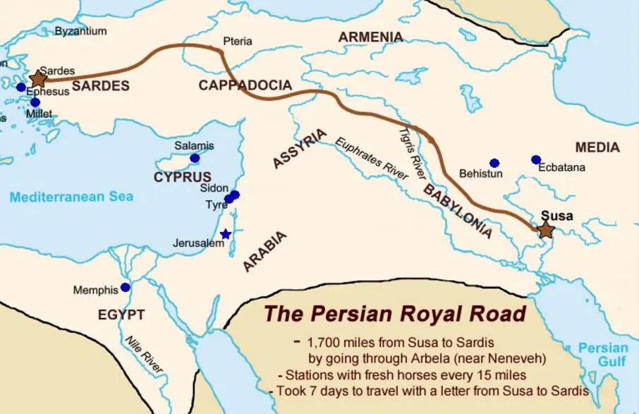 그림설명: 아제르바이잔 지역의 교역에 큰 영향을 끼친 페르시아 왕도는 교역뿐만 아니라 우체국의 역활을 하는 정류장이 있어 약24km마다 새로운 말들이 준비되어 있었으며 속도와 효율면에서 매우 뛰어났습니다. (출처: thinglink.com)
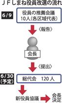 JFしまねの定款では、地区代表者ら10人による推薦会議で新役員案を決め、会長に報告。会長が総代会(定数120人)に提出し、承認を得ることになっている。
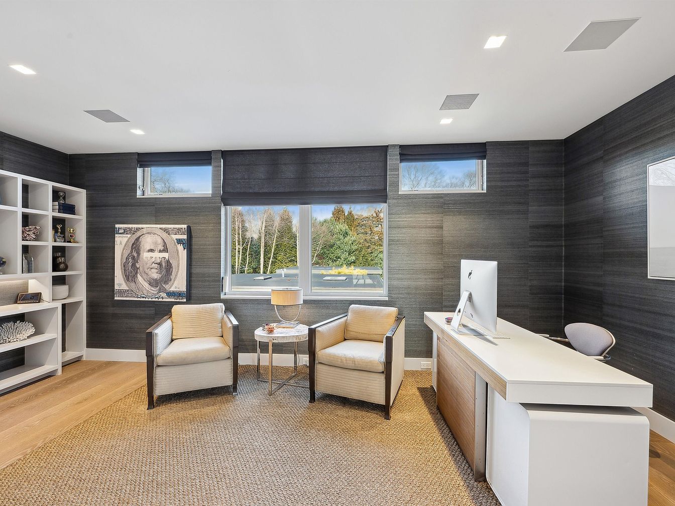 Sophisticated home office with a sleek modern design, featuring dark textured walls and large windows that bring in natural light and offer views of greenery outside. Built-in white shelving provides ample storage for books and decorative items, while a spacious white desk and ergonomic chair make it easy to stay organized and productive. Two beige armchairs and a round side table create a cozy spot for meetings or family study sessions. The neutral color palette blends creamy whites, warm wood tones, and gray accents for a calming environment, making this a welcoming and functional space for both work and family.
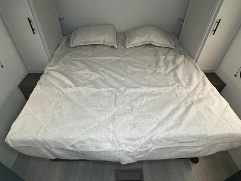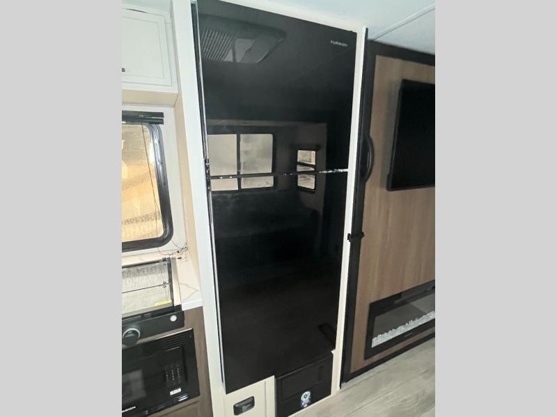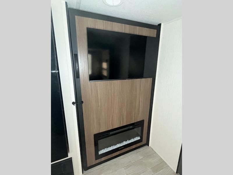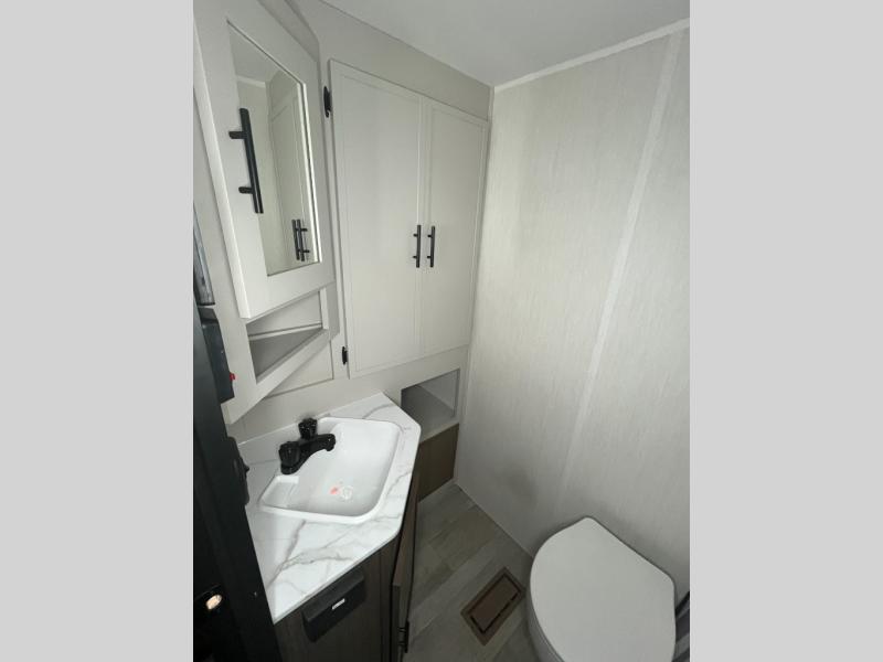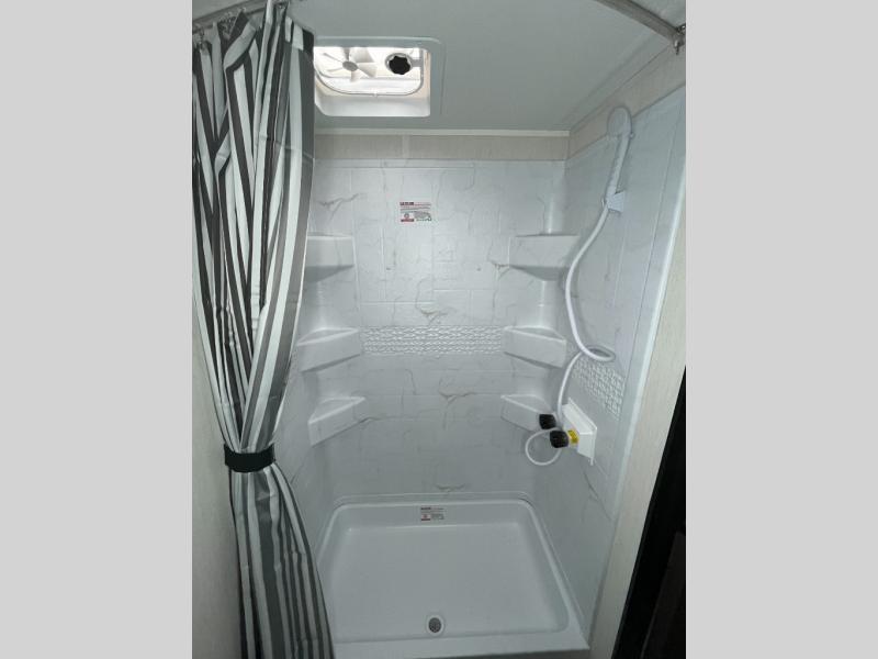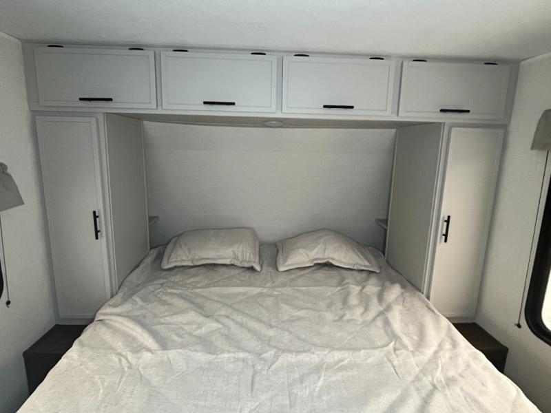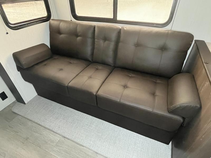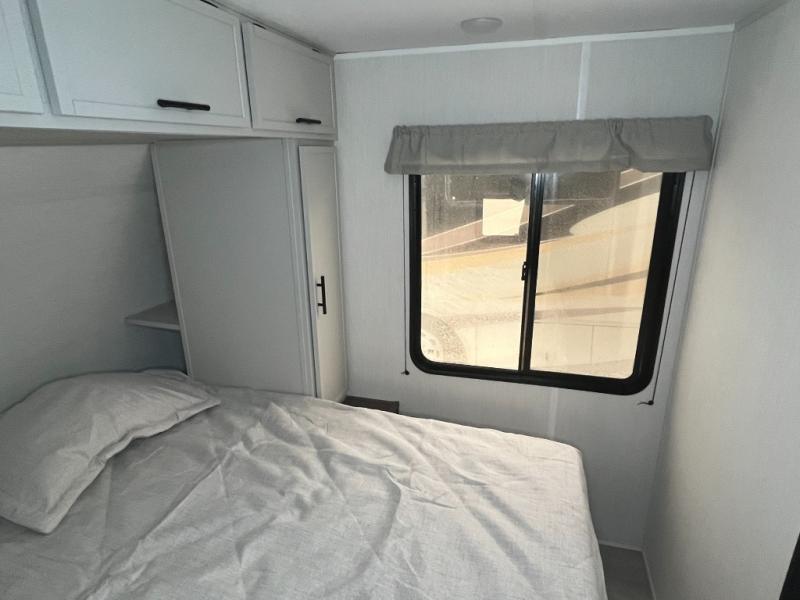 You'll appreciate the added space in this travel trailer thanks to the large slide out! The booth dinette and sofa are found here, and there is a moveable storage ottoman for extra blankets or board games. You'll have your own space up front in the private bedroom, complete with a camp king bed and storage for your things. The chef of your group will find a three burner cooktop and a built-in convection microwave with an air fryer to cook meals, plus there is a 12V refrigerator and hidden pantry for food storage. This unit also includes a power awning outdoors and an outside refrigerator to keep cold drinks close by.

What you will do:
Leaving the pictures out, copy exactly the lines from the line that contains "Sophisticated home office" to the last line of the data, both ends included.

Written answer:
 Sophisticated home office with a sleek modern design, featuring dark textured walls and large windows that bring in natural light and offer views of greenery outside. Built-in white shelving provides ample storage for books and decorative items, while a spacious white desk and ergonomic chair make it easy to stay organized and productive. Two beige armchairs and a round side table create a cozy spot for meetings or family study sessions. The neutral color palette blends creamy whites, warm wood tones, and gray accents for a calming environment, making this a welcoming and functional space for both work and family.
 You'll appreciate the added space in this travel trailer thanks to the large slide out! The booth dinette and sofa are found here, and there is a moveable storage ottoman for extra blankets or board games. You'll have your own space up front in the private bedroom, complete with a camp king bed and storage for your things. The chef of your group will find a three burner cooktop and a built-in convection microwave with an air fryer to cook meals, plus there is a 12V refrigerator and hidden pantry for food storage. This unit also includes a power awning outdoors and an outside refrigerator to keep cold drinks close by.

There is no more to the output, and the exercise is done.